Department of Health Technology and Informatics, Hong Kong Polytechnic University, Kowloon, Hong Kong.
Department of Ultrasound, Fifth Affiliated Hospital of Sun Yat-sen University, Zhuhai, China.
Acad Radiol. 2023 Sep;30 Suppl 1:S295-S304. doi: 10.1016/j.acra.2023.02.018. Epub 2023 Mar 25.
Accurate identification of risk information about fibrosis severity is crucial for clinical decision-making and clinical management of patients with chronic kidney disease (CKD). This study aimed to develop an ultrasound (US)-derived computer-aided diagnosis tool for identifying CKD patients at high risk of developing moderate-severe renal fibrosis, in order to optimize treatment regimens and follow-up strategies.
A total of 162 CKD patients undergoing renal biopsies and US examinations were prospectively enrolled and randomly divided into training (n = 114) and validation (n = 48) cohorts. A multivariate logistic regression approach was employed to develop the diagnostic tool named S-CKD for differentiating moderate-severe renal fibrosis from mild one in the training cohort by integrating the significant variables, which were screened out from demographic characteristics and conventional US features via the least absolute shrinkage and selection operator regression algorithm. The S-CKD was then deployed as both an online web-based and an offline document-based, easy-to-use auxiliary device. In both the training and validation cohorts, the S-CKD's diagnostic performance was evaluated through discrimination and calibration. The clinical benefit of using S-CKD was revealed by decision curve analysis (DCA) and clinical impact curves.
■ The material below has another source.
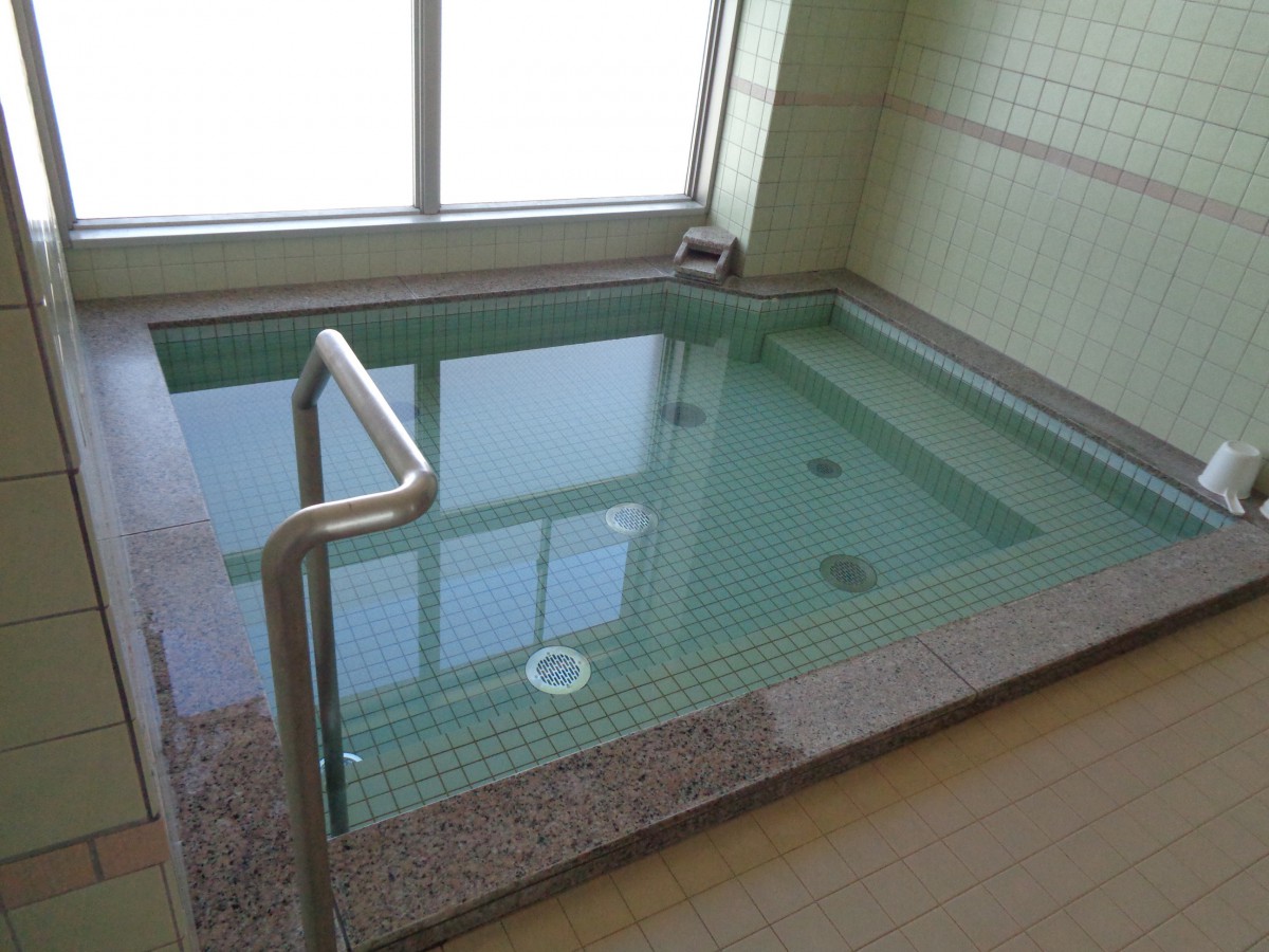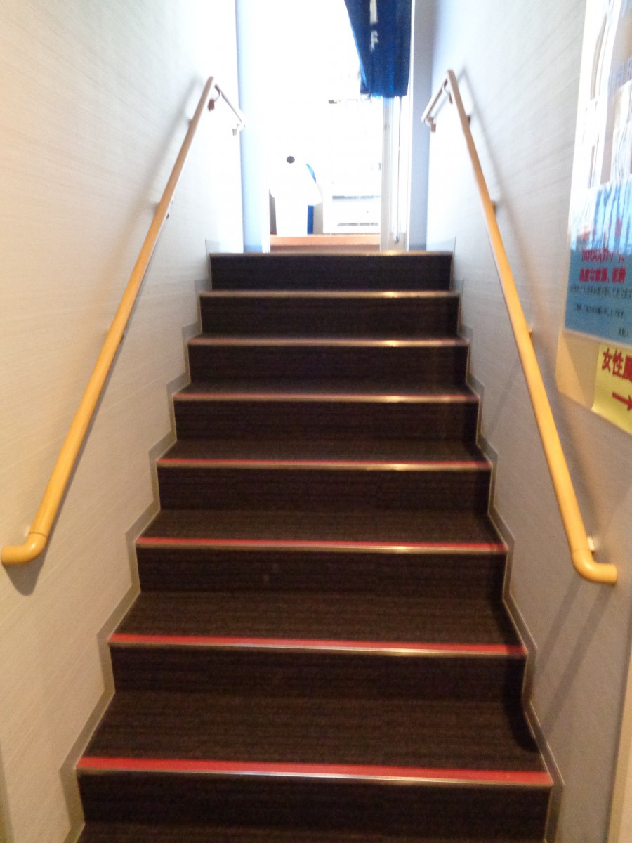 大浴場男湯の入口へは階段8段(両側手すり付き) 女湯入口へは階段4段(手すりなし) 車いすでの利用は難しい
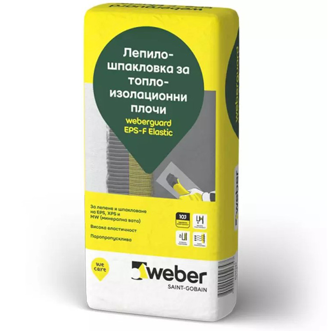 weberguard EPS-F Elastic (510P) с подобрена формула се използва за за лепене на топлоизолационни плочи EPS-F, EPS-G, XPS и минерална вата (MW). weberguard EPS-F Elastic e суха прахообразна лепилнo-шпакловъчна смес на база на цимент и полимерни добавки за лепене и шпакловане на фасадни топлоизолационни плочи. Отличава се с висока здравина и еластичност, висока пластичност, отлично сцепление с основата и много добра паропропускливост. Лепило-шпакловката weberguard EPS-F Elastic е част от топлоизолационните системи webertherm Family Classic и webertherm Family Optimum. Освен за употреба при топлоизолиране на фасади е подходяща и за самостоятелно шпакловане.

The proposed S-CKD achieved an area under the receiver operating characteristic curve of 0.84 (95% confidence interval (CI): 0.77-0.91) and 0.81 (95% CI: 0.68-0.94) in the training and validation cohorts, respectively, indicating satisfactory diagnosis performance. Results of the calibration curves showed that S-CKD has excellent predictive accuracy (Hosmer-Lemeshow test: training cohort, p = 0.497; validation cohort, p = 0.205). The DCA and clinical impact curves exhibited a high clinical application value of the S-CKD at a wide range of risk probabilities.
The S-CKD tool developed in this study is capable of discriminating between mild and moderate-severe renal fibrosis in patients with CKD and achieving promising clinical benefits, which may aid clinicians in personalizing medical decision-making and follow-up arrangement.
准确识别纤维化严重程度的风险信息对慢性肾脏病(CKD)患者的临床决策和临床管理至关重要。本研究旨在开发一种基于超声(US)的计算机辅助诊断工具,用于识别发生中重度肾纤维化风险较高的 CKD 患者,以优化治疗方案和随访策略。
前瞻性纳入并随机分配 162 例接受肾活检和 US 检查的 CKD 患者至训练队列(n=114)和验证队列(n=48)。采用多变量逻辑回归方法,通过最小绝对收缩和选择算子回归算法,筛选出人口统计学特征和常规 US 特征中的显著变量,建立了名为 S-CKD 的诊断工具,用于区分训练队列中中重度与轻度肾纤维化。然后,S-CKD 被开发为在线网络和离线文档两种易于使用的辅助工具。在训练和验证队列中,通过判别和校准评估 S-CKD 的诊断性能。通过决策曲线分析(DCA)和临床影响曲线揭示 S-CKD 的临床获益。
所提出的 S-CKD 在训练和验证队列中的受试者工作特征曲线下面积分别为 0.84(95%置信区间(CI):0.77-0.91)和 0.81(95% CI:0.68-0.94),表明具有良好的诊断性能。校准曲线结果表明,S-CKD 具有出色的预测准确性(Hosmer-Lemeshow 检验:训练队列,p=0.497;验证队列,p=0.205)。DCA 和临床影响曲线表明,S-CKD 在广泛的风险概率范围内具有较高的临床应用价值。
本研究开发的 S-CKD 工具能够区分 CKD 患者的轻度和中重度肾纤维化,并具有良好的临床获益,可能有助于临床医生制定个性化的医疗决策和随访安排。